Production incorporated not just an intimacy co-ordinator for sensitive scenes but a psychologist so that its young cast could navigate some of the more exploitative elements of the storyline.

“That was really important throughout the process, right from the get go. They were given that support. The storylines were put through that lens as well to ensure that they were true to how reactions would play out, as opposed to just being made up,” Mogford explains.

“Their performances are heartfelt because the girls felt they were in a safe space. They could really let go.”

The cast includes Thomas Cocquerel (The Gilded Age) and Ditch Davey (Spartacus) while the fictional Harlow comprises actors Emalia (Australian Gangster), Naomi Sequeira (Evermoor Chronicles), Miah Madden (Redfern Now), Courtney Clarke (Last King of The Cross) and Courtney Monsma (Frozen the Musical).

“Some of the girls have more experience than others but none of them have a lot of experience, which is what we were looking for to play those five roles. They are difficult positions to fill, because they need to be able to sing, dance and act. But we didn’t want stage show kids, if that makes sense. We wanted that rawness where they don’t feel overproduced because they in those roles over the course of the series,” she continues.

“Ditch Davey, Thomas and Emma Booth just brought that level of experience, and seniority with their age, that made it all very believable. Ditch has a difficult role to play because of the story arc that goes through the series.”

Mogford, who worked on The X Factor when contestants were even expected to live together in a house for TV cameras, well remembers an era when Reality TV was digging deep for content at the expense of its participants. This is also explored in the series.

“I guess there’s a difference between being filmed overtly, being filmed covertly -and then being filmed overtly but feeling like that you have to do something.

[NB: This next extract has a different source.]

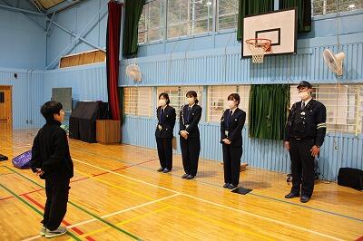 今回はあいにくの雨天となったため、体育館でDVD視聴と横断歩道の実地指導を行いました。

This is place where Paper Dolls is, where the camera is on them all the time,” she says.

“They’re expected to wear very brief outfits and behave sexualized dolls. But the series is also about the music and dance, the relationships that they have… the soundtrack for the services is excellent, so there’s joy amongst the darkness.”

Monster, the opening song for Paper Dolls, will also form part of a soundtrack to be released with pop tracks from the show. If it charts, will life imitate art? Will Harlow start performing in shopping centres just as Bardot did two decades ago?

Mogford would love the sweet irony.

“Except that the girls will choose what outfits they wear and how they’ll be presented. We’ll be enjoying the experience if that was the case!”

Paper Dolls screens weekly on Paramount+ from Sunday (and on 10 later in 2024).